> Brief:
Without the images, write out the entries word for word.

Records excerpted from a collection:
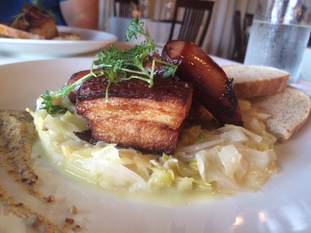 The third course was the most German in influence. It was Choucroute Garnie (Riesling sauerkraut, Strasburg sausage, pork belly, finished with mustard greens and stone ground mustard). The sauerkraut was made in house with cabbage and apple and was aged four and a half weeks. It was the best sauerkraut of our lives, and some of us don’t even like sauerkraut. We all ate it. The pork belly was remarkable. It was crispy on the outside the way God intended and full of flavor. The sausage was anything but average. Eating it any other way than with housemade sauerkraut and pork belly would be an offense to the sausage. The accompanying wine for this dish was Paul Blanck Riesling “Rosenbourg” Alsace, 2014. Typically Riesling is a sweeter wine, but this was dry and acidic wine with lemon and citrus notes. Rosenbourg means it is a single vineyard wine as well.
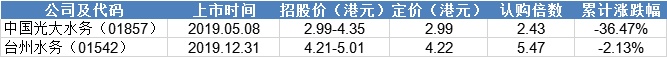 2019年,港股新添了两只水务股:中国光大水务(01857)和台州水务(01542)。市场对新上市的水务股不感冒,中国光大水务上市首日便破发,当日收跌11.37%,之后一路震荡走低,当前市值约为52.6亿港元。台州水务于2019年的最后一日上市,当日平收,目前股价在发行价以下,市值8.3亿港元。
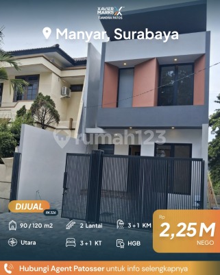 RUMAH MODERN 2 LANTAI (Home of young professionals) Manyar Surabaya Lokasi Berkelas (Classy House) Row Jalan Lebar = 3 Mobil Carport = 2 Mobil Jejer Longgar .Lt = 6,4x14 m = 90 m² Lb = 2 Lt ( 120 m² ) Kamar Tidur = 3+1 (Comfortable) Kamar Mandi = 3+1 (Luxurious) Sertifikat HGB Listrik = 3.500 VA Air PDAM Rumah Hadap = Utara Harga = 2,25 M (Belum terhitung ppn 11%) BONUS UNTUK PEMBELI = 1. Lampu² seluruh Ruangan Rumah 2. Exhause Fan 3. Tandon Air Atas & Bawah 4. Pompa Air Atas & Bawah More info: Robert -0823xxxxxxxx Xavier Mark Tjandra Patos Surabaya Timur dekat Jalan Raya MERR, Rungkut, Kenjeran, Arif Rahman Hakim, Kertajaya, Dharmahusada, Kalijudan, Manyar, Rumah Sakit Premier, RS Haji, RS Unair, RS Mitra Keluarga, RS Gotong Royong, Galaxy Mall, Pakuwon City Mall, Transmart Rungkut, Kampus ITS, UNAIR, Sekolah Kristen Petra, Sekolah Gloria Galaxy, Pasar Keputran Timur, Jembatan Kenjeran, Taman Surabaya, Harmoni Keputih
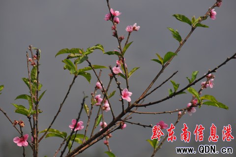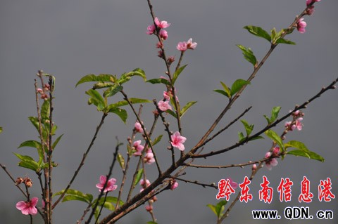 本港訊 (記者 李麗娟 攝影報道)10月23日,記者在位于雷公山腹地的雷山縣方祥鄉陡寨村看到,幾株桃樹上的桃花競相綻放,綠葉襯托著一朵朵紅花十分美艷。而時下正是金秋十月,我們卻能欣賞到桃花掛滿枝頭的美景,實屬罕見。
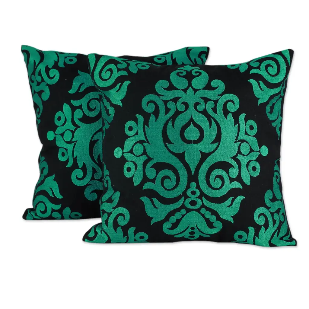 Teal And Black Embroidered Cotton Cushion Covers (Pair)- Teal Beauty
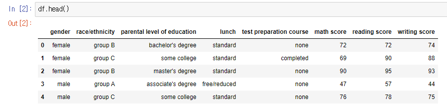 데이터프레임 df 의 0~4행 까지 보여달라는 의미

> The answer:
 The third course was the most German in influence. It was Choucroute Garnie (Riesling sauerkraut, Strasburg sausage, pork belly, finished with mustard greens and stone ground mustard). The sauerkraut was made in house with cabbage and apple and was aged four and a half weeks. It was the best sauerkraut of our lives, and some of us don’t even like sauerkraut. We all ate it. The pork belly was remarkable. It was crispy on the outside the way God intended and full of flavor. The sausage was anything but average. Eating it any other way than with housemade sauerkraut and pork belly would be an offense to the sausage. The accompanying wine for this dish was Paul Blanck Riesling “Rosenbourg” Alsace, 2014. Typically Riesling is a sweeter wine, but this was dry and acidic wine with lemon and citrus notes. Rosenbourg means it is a single vineyard wine as well.
 2019年,港股新添了两只水务股:中国光大水务(01857)和台州水务(01542)。市场对新上市的水务股不感冒,中国光大水务上市首日便破发,当日收跌11.37%,之后一路震荡走低,当前市值约为52.6亿港元。台州水务于2019年的最后一日上市,当日平收,目前股价在发行价以下,市值8.3亿港元。
 RUMAH MODERN 2 LANTAI (Home of young professionals) Manyar Surabaya Lokasi Berkelas (Classy House) Row Jalan Lebar = 3 Mobil Carport = 2 Mobil Jejer Longgar .Lt = 6,4x14 m = 90 m² Lb = 2 Lt ( 120 m² ) Kamar Tidur = 3+1 (Comfortable) Kamar Mandi = 3+1 (Luxurious) Sertifikat HGB Listrik = 3.500 VA Air PDAM Rumah Hadap = Utara Harga = 2,25 M (Belum terhitung ppn 11%) BONUS UNTUK PEMBELI = 1. Lampu² seluruh Ruangan Rumah 2. Exhause Fan 3. Tandon Air Atas & Bawah 4. Pompa Air Atas & Bawah More info: Robert -0823xxxxxxxx Xavier Mark Tjandra Patos Surabaya Timur dekat Jalan Raya MERR, Rungkut, Kenjeran, Arif Rahman Hakim, Kertajaya, Dharmahusada, Kalijudan, Manyar, Rumah Sakit Premier, RS Haji, RS Unair, RS Mitra Keluarga, RS Gotong Royong, Galaxy Mall, Pakuwon City Mall, Transmart Rungkut, Kampus ITS, UNAIR, Sekolah Kristen Petra, Sekolah Gloria Galaxy, Pasar Keputran Timur, Jembatan Kenjeran, Taman Surabaya, Harmoni Keputih
 本港訊 (記者 李麗娟 攝影報道)10月23日,記者在位于雷公山腹地的雷山縣方祥鄉陡寨村看到,幾株桃樹上的桃花競相綻放,綠葉襯托著一朵朵紅花十分美艷。而時下正是金秋十月,我們卻能欣賞到桃花掛滿枝頭的美景,實屬罕見。
 Teal And Black Embroidered Cotton Cushion Covers (Pair)- Teal Beauty
 데이터프레임 df 의 0~4행 까지 보여달라는 의미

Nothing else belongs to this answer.